Modal operasional merupakan modal yang banyak dikeluhkan responden, karena paling banyak digunakan untuk membeli bahan
baku rayung dan bambu. Berdasarkan Tabel 39 diketahui hambatan modal yang
dirasakan responden di kedua dusun sebesar 13,73 di Dusun Keprekan dan Dusun Dendengan sebesar 26,09. Perbedaan hasil
persentase menunjukkan bahwa hambatan modal lebih tinggi dirasakan responden di Dusun Dendengan dibandingkan dengan responden
Dusun Keprekan. Hal tersebut karena pendapatan dari pemasaran periode sebelumnya yang seharusnya disisihkan untuk membeli bahan
baku kenyataannya lebih banyak dialokasikan untuk memenuhi kebutuhan sehari-hari rumah tangga, sehingga modal untuk melakukan
proses produksi selanjutnya mengalami kekurangan atau defisit. Upaya yang dilakukan responden untuk menutupi kekurangan modal yaitu
meminjam modal pada keluarga, menyimpan uang hasil penjualan periode sebelumnya.
b. Hambatan Bahan baku Bahan baku terutama rayung sering menjadi hambatan dalam
proses produksi, karena jumlah dan harga bahan baku tidak menentu.
Berdasarkan data Tabel 39, hambatan bahan baku dirasakan oleh 35,29 responden di Dusun Keprekan, dan 21,74 responden Dusun
Dendengan. Persentase tersebut menunjukkan hambatan bahan baku lebih besar dirasakan responden Dusun Keprekan dibandingkan
dengan di Dusun Dendengan. Hambatan yang dialami responden kedua dusun tidak jauh
berbeda, ketika penyuplai rayung datang pada akhir musim harga rayung melambung tinggi dan jumlah yang ditawarkan kecil. Upaya
yang dilakukan responden yaitu membeli rayung sebanyak-banyaknya pada awal musim di bulan Agustus dan September. Jika tidak, pemilik
modal besar akan membelinya dan dijual kembali saat akhir musim dengan keuntungan yang berlipat pengepul.
c. Hambatan Tenaga Kerja Tenaga kerja juga dirasakan menjadi hambatan pada industri
kerajinan sapu, karena menjadi faktor penting dalam proses produksi dan menentukan produktivitas yang dihasilkan. Data Tabel 39
menunjukkan 31,71 responden
Dusun Keprekan dan 4,35 responden Dusun Dendengan mengalami hambatan tenaga kerja.
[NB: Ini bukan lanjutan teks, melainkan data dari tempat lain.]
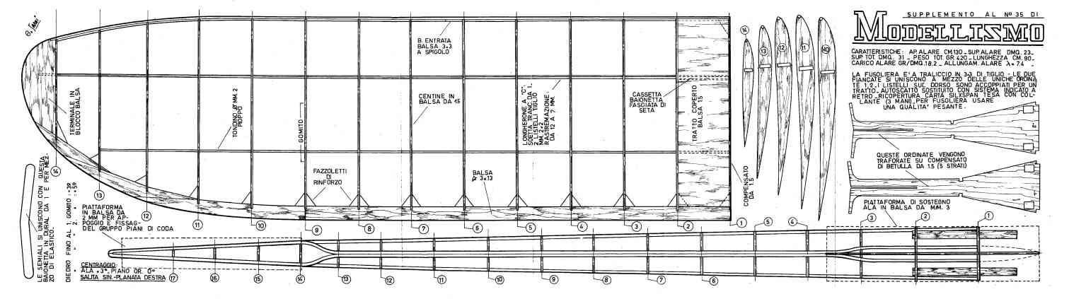 Dal n° 35 di "Modellismo" un bel motomodello, formula FAI, di Eraldo Padovano, campione d'Italia 1950: il "Tiger Rag"; Tavola 2.
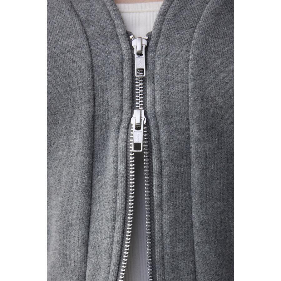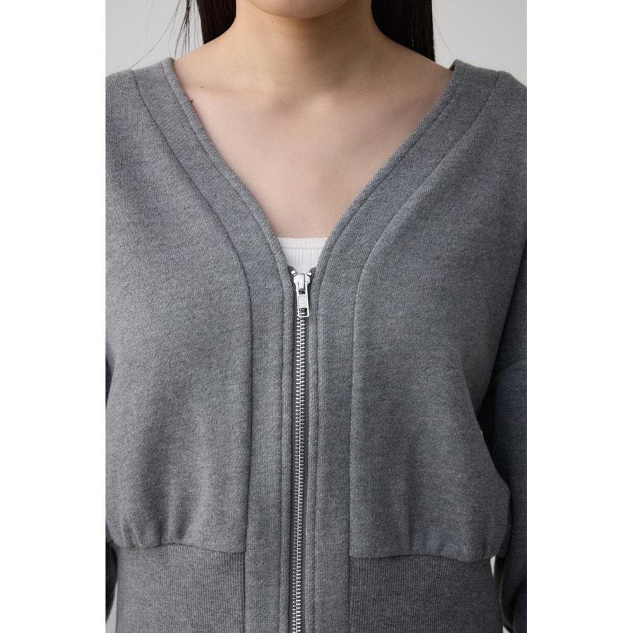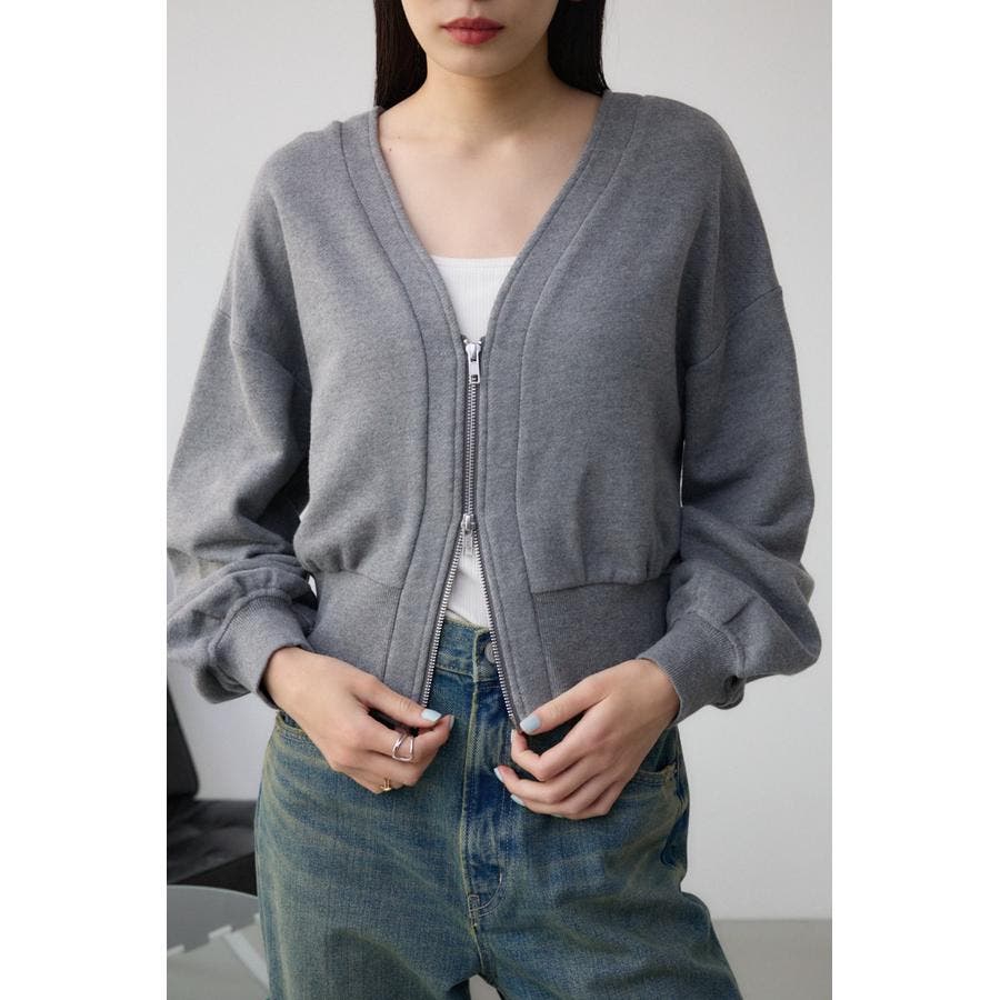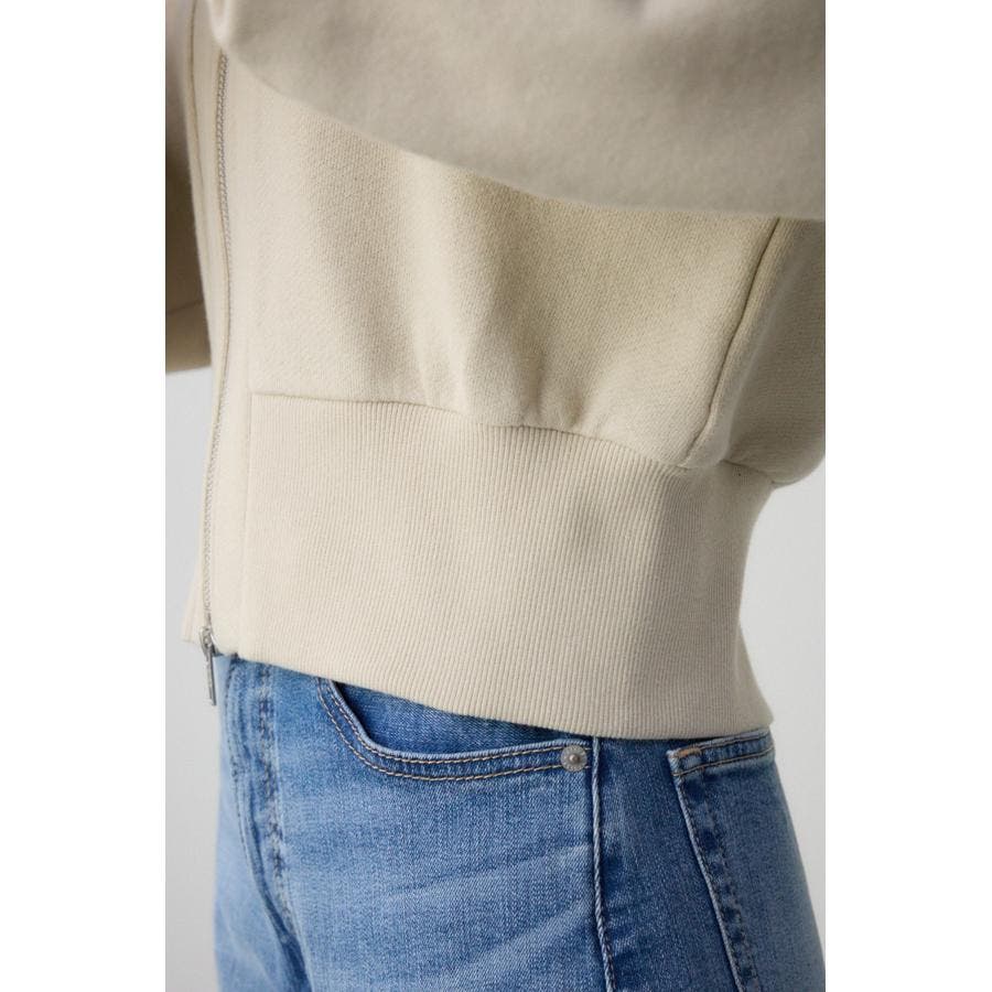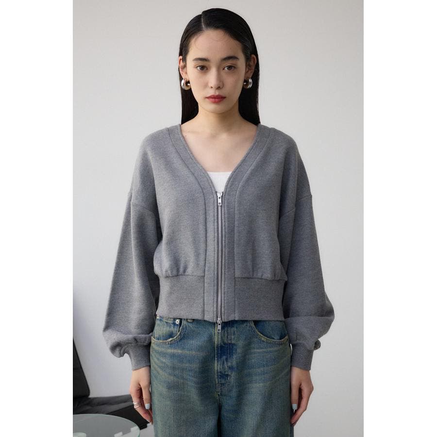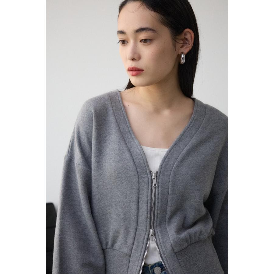前開きでZIP使いのショート丈裏毛カーディガン。

Angka tersebut berarti, lebih banyak responden Dusun Keprekan yang mengalami hambatan tenaga kerja dibanding dengan responden Dusun
Dendengan. Hambatan tenaga kerja dirasakan responden ketika ada hajatan di dusun. Penduduk daerah perdesaan mempunyai rasa gotong
royong yang kuat, sehingga ketika ada hajatan atau acara di salah satu
keluarga, maka seluruh masyarakat dusun akan ikut berpartisipasi. Keadaan tersebut akan menghambat kegiatan proses produksi industri
kerajinan sapu, karena mayoritas tenaga kerja merupakan anggota keluarga yang juga berasal dari dusun itu sendiri. Upaya yang
digunakan responden untuk menghadapinya yaitu mencari tenaga kerja upahan dari non anggota rumah tangga dan bukan berasal dari dusun
tersebut. d. Hambatan Pemasaran
Hambatan pemasaran juga dirasakan responden dari kedua dusun. Data Tabel 39 menunjukkan besar persentase dari masing-
masing dusun yaitu 13,73 di Dusun Keprekan dan 43,48 di Dusun Dendengan. Hambatan pemasaran terjadi karena sebagian responden
hanya memasarkan produksi sapu rayung melalui pengepul dengan harga relatif murah, sehingga keuntungan yang diperoleh responden
kecil. Alasan responden memasarkan melalui pengepul karena belum mempunyai pasar di luar. Responden tidak mau terbebani oleh produk
sapu rayung yang tidak laku atau tidak habis terjual ketika dipasarkan sendiri. Walaupun pemasaran melalui pengepul tidak selalu dibayarkan
lunas oleh pengepul. Upayanya yaitu responden mencoba melakukan pemasaran secara mandiri, meningkatkan kualitas, menambah variasi
sapu rayung yang diproduksi dan melakukan promosi kerajinan sapu rayung secara online.